The establishment and clearance of the R-loop on each gene are also dynamic at different stages of the meiotic process (Fig. 1C). According to the dynamic changes of the R-loop signal in adjacent stages, we divided R-loop genes into four groups: non-R-loop, R-loop-gained, R-loop-lost and R-loop maintained. Transcriptional analysis (combined with previous RNA-seq data GSE133636) showed that the R-loop-gained genes were always accompanied with higher transcription than other genes, while the R-loop-lost genes mostly appeared at lower transcriptional levels (Fig. 1D).

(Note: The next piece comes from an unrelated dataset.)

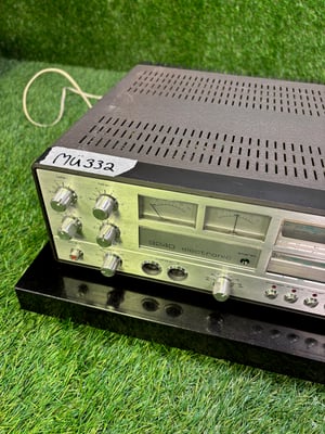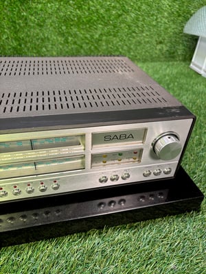 The SABA 9240 electronic stereo receiver belongs to the late generation of SABA receiver development and stands for the transition to electronically controlled switching and operating concepts. The device combines FM receiver, stereo preamplifier and power amplifier in a clearly structured housing and is located above the classic hi-fi studio models.The amplifier part is completely transistorized and follows a conventional, easily comprehensible circuit concept. The output power is designed for operation with loudspeaker systems typical of the time and offers sufficient reserves for use in the living area. Frequency response and distortion values correspond to the technical state of the art of the early 1980s.The input section includes a phono input with RIAA equalization for magnetic pickups as well as several high-level inputs for additional signal sources. Tape inputs and outputs allow the connection of external tape devices. The signal guidance is clear and service-friendly.The integrated FM tuner covers the range from 87 to 105 MHz and is designed for stable stereo reception. The electronic design of the receiver ensures reliable transmitter adjustment and uniform behavior even under changing reception conditions.The tone control is classically designed and intervenes in bass and treble at fixed frequencies. Balance, volume and source selection can be adjusted separately. In addition, the receiver has electronic switching functions that increase the ease of use compared to previous mechanical designs.Speaker connections for impedances from 4 to 16 ohms and a headphone output are available as outputs. The dimensions correspond to the compact format of the late SABA receiver generation.The device offered here has been technically tested. Reception, amplifier function, source switching, balance and tone control work properly. The optical condition is documented in a completely comprehensible way on the basis of the original images. The technical condition is perfect, unless expressly stated otherwise. All offered devices work completely and are sold with a 12-month warranty.

Clustering analysis of all replicates revealed that SPG showed more correlations with LZ, but PD showed more correlations with MII (Fig. S1C). It is surprising that L/Z and P/D showed similar intensities but were clustered into different groups (Fig. S1C). We used the L/Z to P/D transition as an example to explore the important role of the R-loop in meiotic developmental progress. Firstly, we analyzed the R-loop dynamics during L/Z to P/D differentiation. Across all detected R-loop peaks between L/Z and P/D, 16.8% of R-loop peaks (total 386 peaks) were higher in L/Z than P/D, but 40.9% of peaks (total 936 peaks) were lower in L/Z (Fig. 1E; S1D). Dynamic R-loop genes were defined as genes that detected differential R-loop peaks between L/Z and P/D. There were also dynamic transcriptional changes during L/Z to P/D transition. A total of 1,850 genes were downregulated, and 2,056 genes were upregulated by 2-fold change screening (Fig. 1F). Above differentially expressed genes (DEGs) detected R-loop peaks in the promoter region were assigned to R-loop DEGs. Further intersection analysis of the dynamic R-loop genes and R-loop DEGs during L/Z to P/D transition showed a significant overlapping ratio (Fig. 1G-H). Briefly, 60% of up-regulated R-loop DEGs overlapped with increased R-loop genes (P-value = 1.8e-8), 35% of down-regulated R-loop DEGs were shared with decreased R-loop genes (P-value = 3.7e-11). Interestingly, we also observed 87% of L/Z R-loop peaks, 72% P/D R-loop peaks were shared with the H3K4me3 peaks in genes promoter regions respectively, which partially supports the close relationship between the R-loop and transcription (Fig. 1I-J). As shown in the genome browser of Usp28, lower levels of R-loop from L/Z to P stage at promoter regions are accompanied by decreasing H3K4me3 modification, following downstream lower transcriptional levels in P (Fig. 1K). Taken together, the R-loop is predominantly distributed at promoter regions and is closely related to the transcriptional process in meiosis.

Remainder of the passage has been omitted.